Updated: 2024-07-07 11:30:50

标题: 物理启发的神经网络在具有有限物理知识和数据的动态过程操作中的应用

摘要: 在化学工程中，过程数据的获取成本很高，复杂现象很难完全建模。我们探讨了在动态过程中使用物理信息神经网络（PINNs），这些过程具有不完全的机械半显式微分代数方程系统和稀缺的过程数据。特别是，我们专注于估算既没有直接观测数据也没有构成方程的状态。我们提出了一种易于应用的启发式方法来评估是否可能估算这些状态。作为数值示例，我们考虑了一个连续搅拌罐反应器和一个液液分离器。我们发现PINNs可以以合理的准确性推断未测量的状态，并且在低数据情况下比纯数据驱动模型更具泛化能力。因此，我们展示了当仅有相对较少的实验数据和部分已知的机械描述时，PINNs能够对过程进行建模，并得出结论认为它们构成了一个值得进一步研究的有前途的途径。

更新时间: 2024-07-07 11:30:50

领域: cs.LG

下载: http://arxiv.org/abs/2406.01528v2

Generating multi-scale NMC particles with radial grain architectures using spatial stochastics and GANs

Understanding structure-property relationships of Li-ion battery cathodes is crucial for optimizing rate-performance and cycle-life resilience. However, correlating the morphology of cathode particles, such as in NMC811, and their inner grain architecture with electrode performance is challenging, particularly, due to the significant length-scale difference between grain and particle sizes. Experimentally, it is currently not feasible to image such a high number of particles with full granular detail to achieve representivity. A second challenge is that sufficiently high-resolution 3D imaging techniques remain expensive and are sparsely available at research institutions.

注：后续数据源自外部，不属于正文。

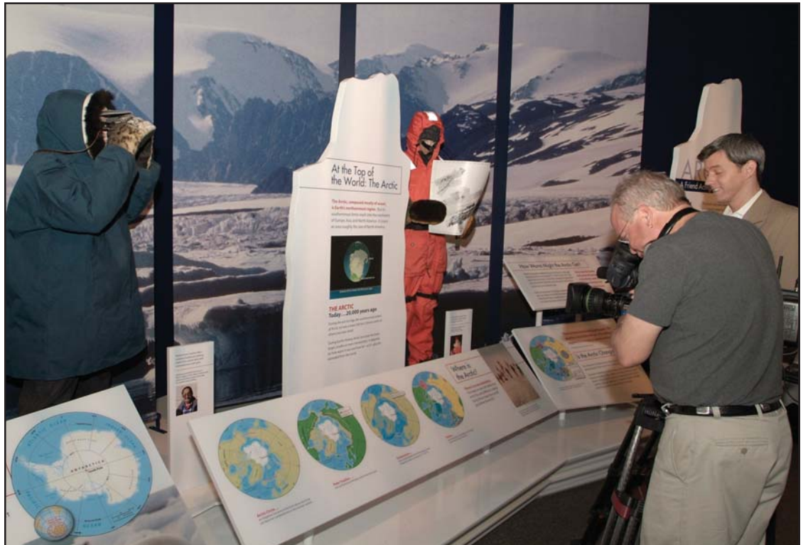
Opening section of the new Smithsonian exhibit, Arctic: A Friend Acting Strangely (April 2006).

The first Smithsonian contribution to the forthcoming IPY is a new exhibit, Arctic: A Friend Acting Strangely , which opened in April 2006. Under development since 2003, the 1800-square-foot exhibit is the first and so far the only governmental outreach and educational venture that brings the issues of Arctic climate change and environmental research to the general public. It has been developed jointly by the ASC and the NMNH Office of Exhibits in collaboration with NOAA, NASA, and NSF, as the main Smithsonian contribution to the Study of Environmental Arctic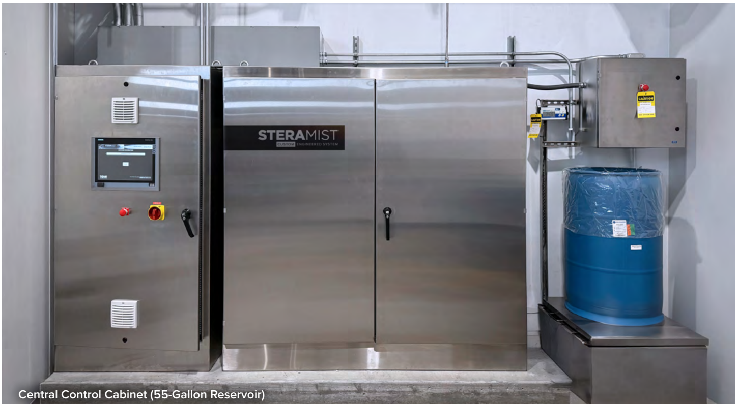
Central Control Cabinet (55-Gallon Reservoir)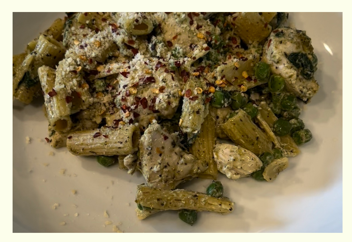
This may be the most appetizing healthy pasta dish out there today. The simplicity of the recipe, and quick prep time have made this a staple in our weekly routine.

PREPARE creamy pesto sauce by adding pesto and cream cheese, and mix thoroughly.

To address these challenges, a stereological generative adversarial network (GAN)-based model fitting approach is presented that can generate representative 3D information from 2D data, enabling characterization of materials in 3D using cost-effective 2D data. Once calibrated, this multi-scale model is able to rapidly generate virtual cathode particles that are statistically similar to experimental data, and thus is suitable for virtual characterization and materials testing through numerical simulations. A large dataset of simulated particles with inner grain architecture has been made publicly available.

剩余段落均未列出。